#### Entries supplied ####

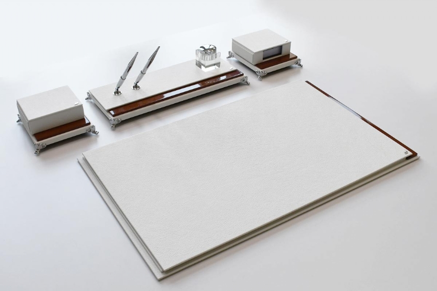One of the best examples of classic Italian leather and Chrome metal parts, this desk set; It reflects elegance with its flawless handcraft and special leather. These luxury table sets, which are indispensable accessories of classical offices, have forty different color options.
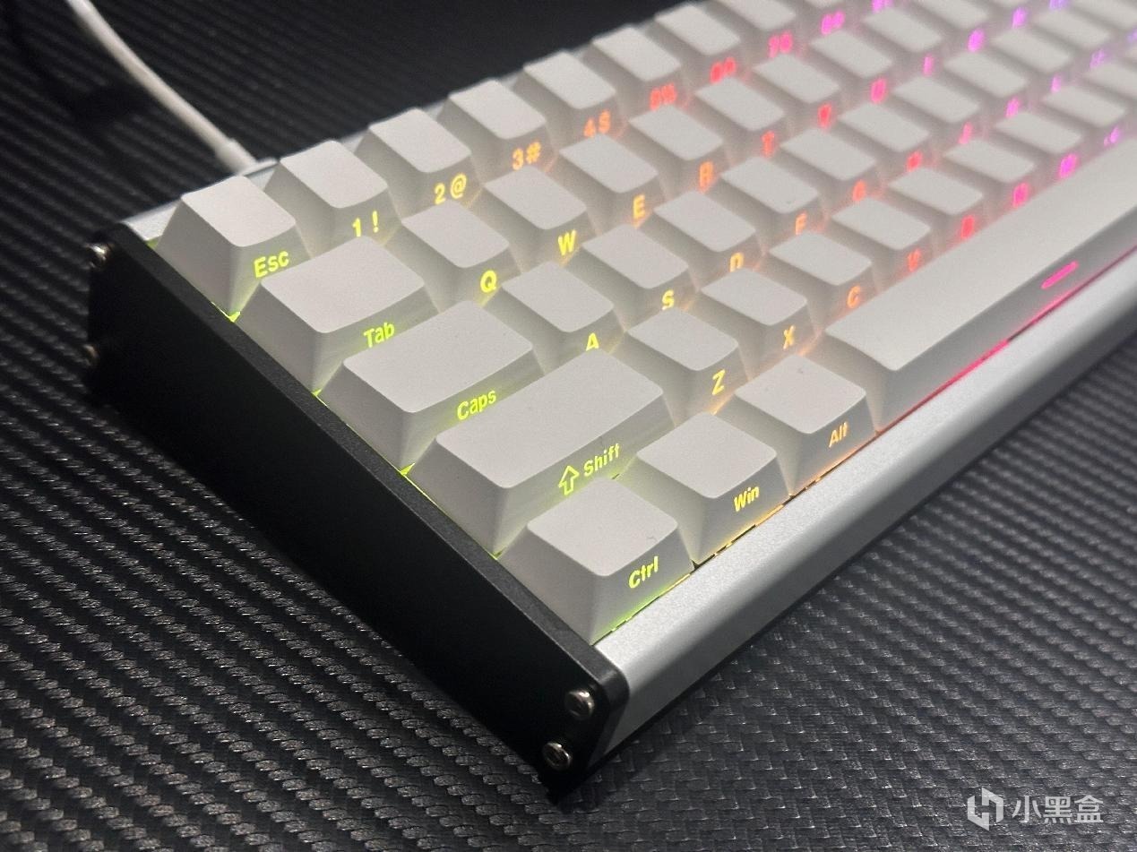 键帽方面,采用的是PBT材质的白色侧刻键帽,原厂高度,字符透光,简约大气,PBT材质更加耐磨,不易打油,手感舒适。
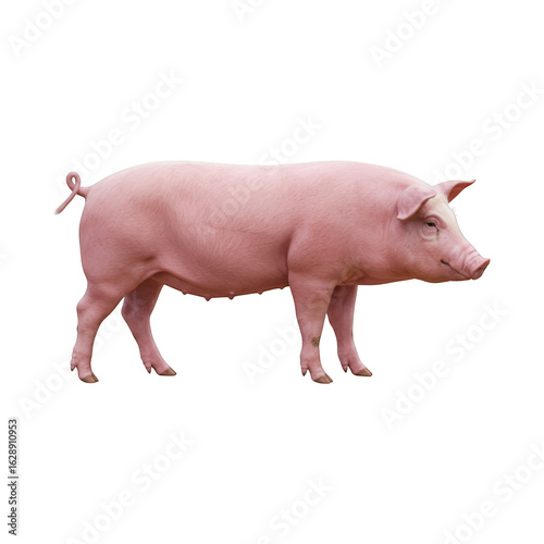 A Domesticated Swine Stands Proudly Isolated On White Background
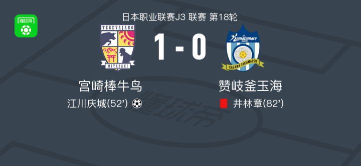 宫崎棒牛鸟1-0赞岐釜玉海,江川庆城一剑封喉
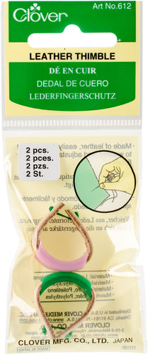 Clover-Leather Thimbles: Adjustable. The leather stretches to fit snug on the finger and will not damage the thread. Just slip the thimble between the second and third joint of the middle finger and place the top of the needle in the indentation for a firm hold on it. This 1.875x4.75 inch package contains two adjustable leather thimbles. Imported.
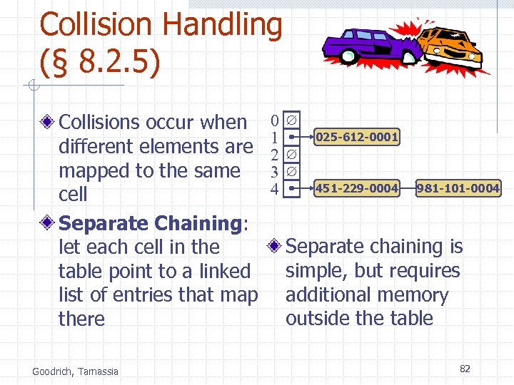 Collision Handling (§ 8. 2. 5) Collisions occur when different elements are mapped to the same cell Separate Chaining: let each cell in the table point to a linked list of entries that map there Goodrich, Tamassia 0 1 2 3 4 025 -612 -0001 451 -229 -0004 981 -101 -0004 Separate chaining is simple, but requires additional memory outside the table 82
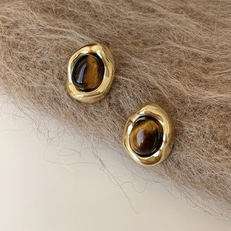 Women's Luxury S925 Silver Needle Earrings with Tiger Eye Stone Phnom Fine Stud Design
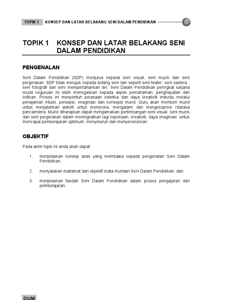 Seni Dalam Pendidikan Oum Note Topik 1 Konsep Dan Latar Belakang Seni Dalam Pendidikan
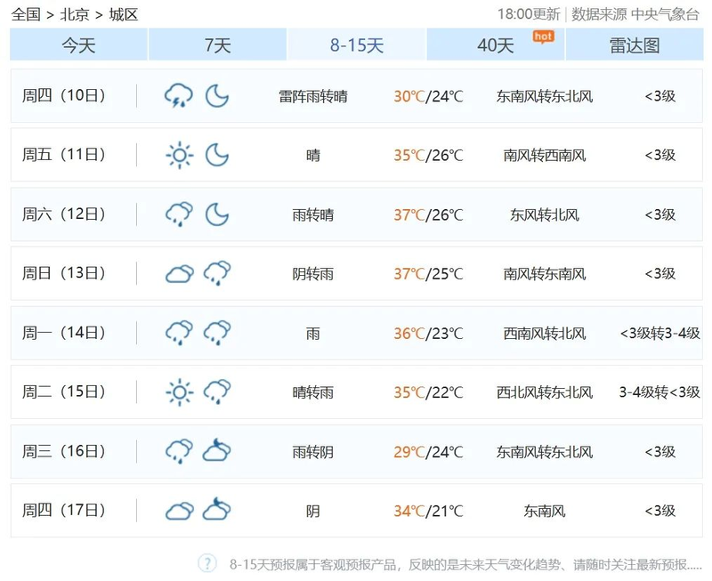 据中国天气网预报,7月4日至17日的14天中,北京有12天有降雨。7月12、13日,最高气温可达37℃……

####

▶ _To do_
Reproduce exactly and only the lines from the line that contains "Seni Dalam Pendidikan Oum" to the end of the data above, both ends included. No pictures go in the copy.

▶ _Solution_
 Seni Dalam Pendidikan Oum Note Topik 1 Konsep Dan Latar Belakang Seni Dalam Pendidikan
 据中国天气网预报,7月4日至17日的14天中,北京有12天有降雨。7月12、13日,最高气温可达37℃……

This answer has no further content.